5. A word recognition method for recognizing a word from a word stored in a word dictionary and a candidate for each character constituting the word obtained by character recognition, wherein the word is previously stored in the word dictionary and each character of this word is recognized. A first step of storing a predetermined threshold value and a permissible limit value of the number of non-matching characters of the word; a second step of reading the word written in the medium; and a step of reading the word of the medium read by the second step. A third step of recognizing each character and outputting a character candidate to which an evaluation value is given for each character; a threshold value for each character of the words in the word dictionary stored in the first step; A fourth step of comparing with the evaluation value for each character of the character candidates output in the third step; and of the word for which the evaluation value is judged to be equal to or greater than the threshold value by the fourth step.

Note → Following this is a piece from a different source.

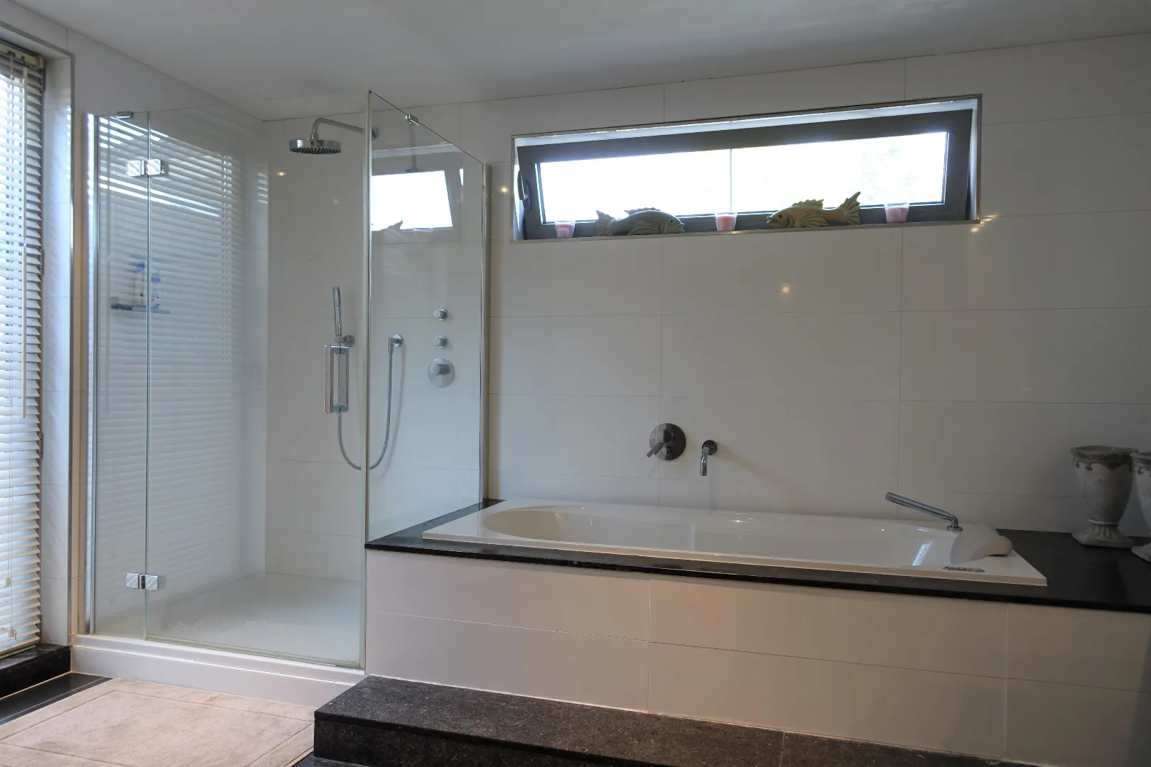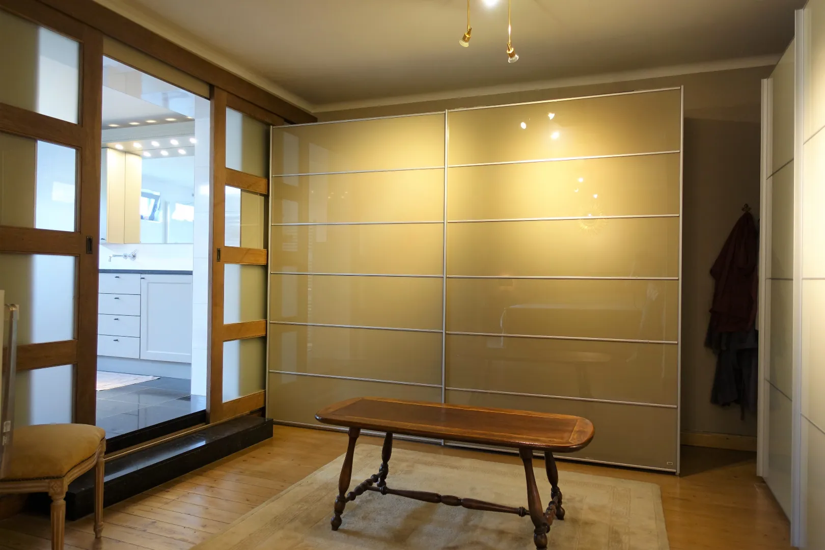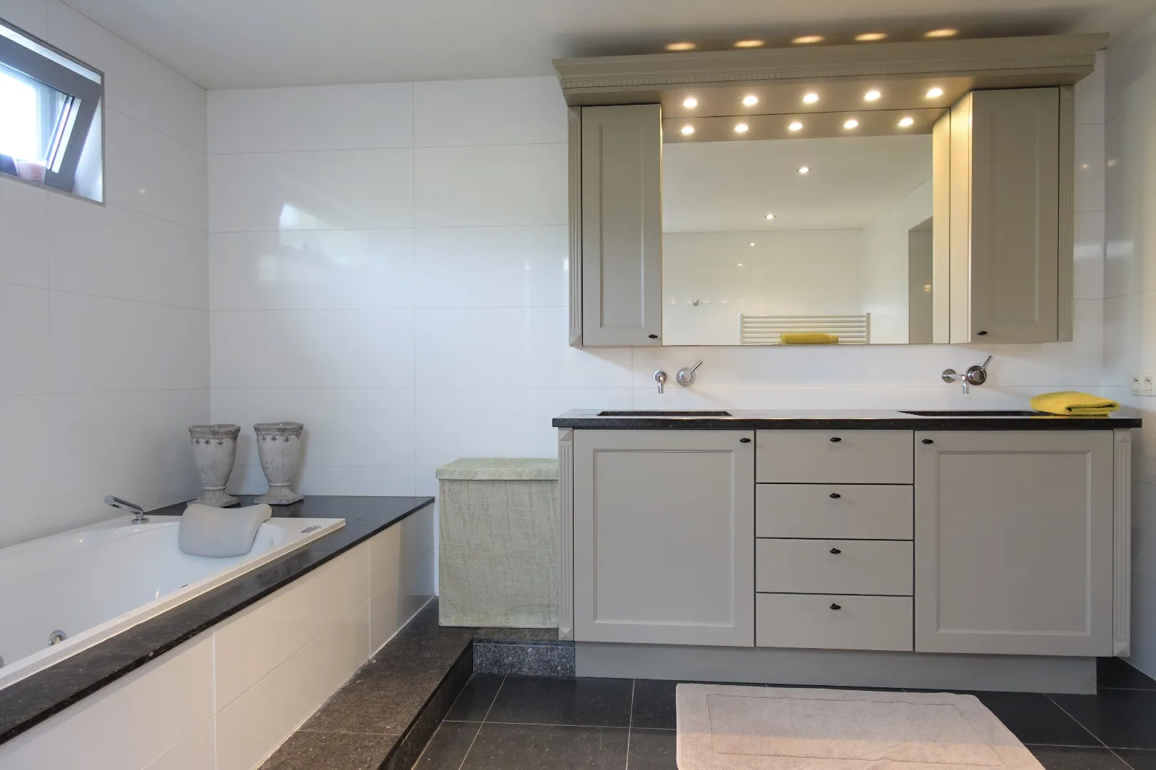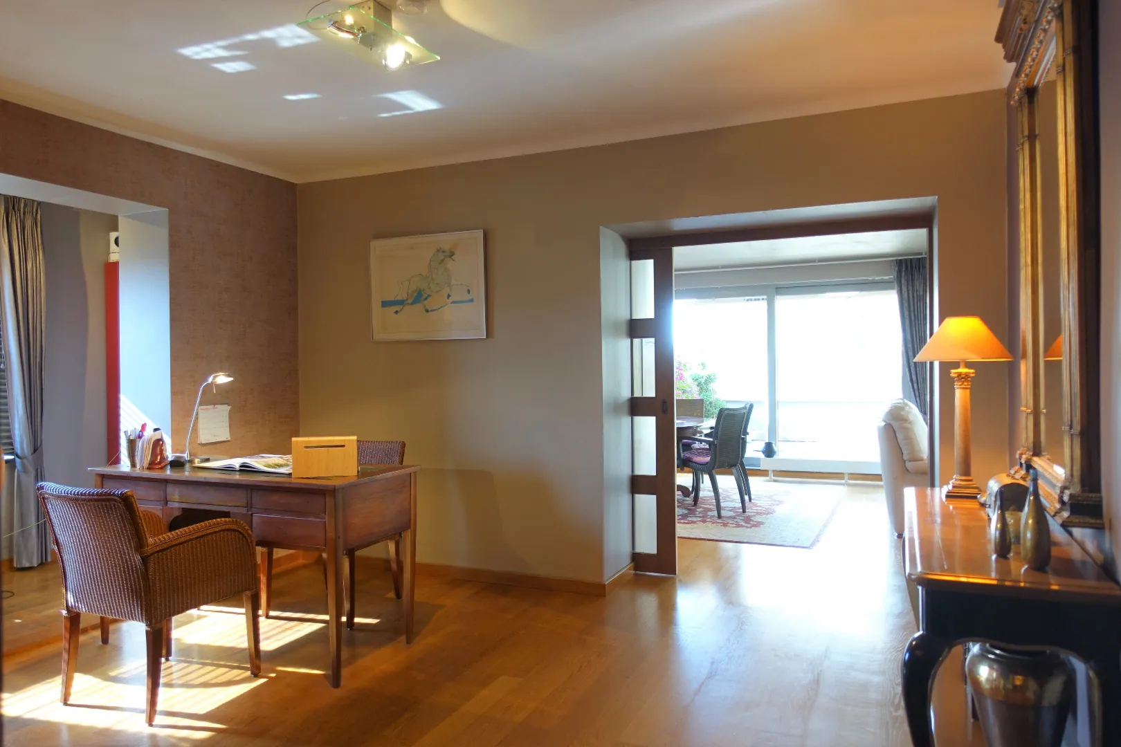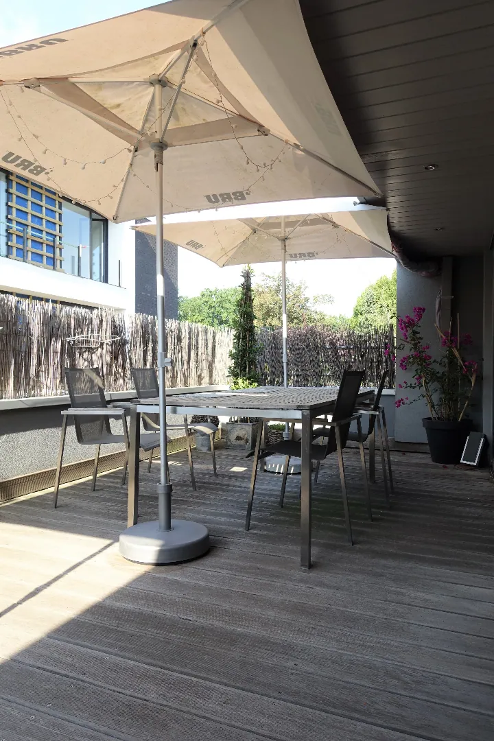 1e Verdieping: Appartement 110,47m² met private buitenruimte bestaand uit de trappenhal, een open ontvangstruimte die ingericht werd als bureel, de sfeervolle leefruimte met grote schuiframen naar het groot terras (24m²), de grote slaapkamer (14,24m²) met open dressingruimte (13,09m²) en privaat terras (11,84m²), een prachtig afgewerkte badkamer met dubbel lavabomeubel-groot ligbad-douche-hangtoilet en tot slot een polyvalente, in te richten ruimte waar een keuken kan geplaatst worden.

Letters and A fifth step of determining whether or not the character candidates match, and when the evaluation value is determined to be smaller than the threshold value by the fifth step, the character of the word is regarded as a non-matching character. A sixth step of counting, and a seventh step of judging whether or not the number of non-matching characters counted by the sixth step is larger than an allowable limit value of the number of non-matching characters stored in the first step. And, as a result of the judgment in the seventh step, if the number of non-matching characters is larger than the allowable limit value of the number of non-matching characters, the eighth step of judging that this word is not a corresponding word, How to recognize words.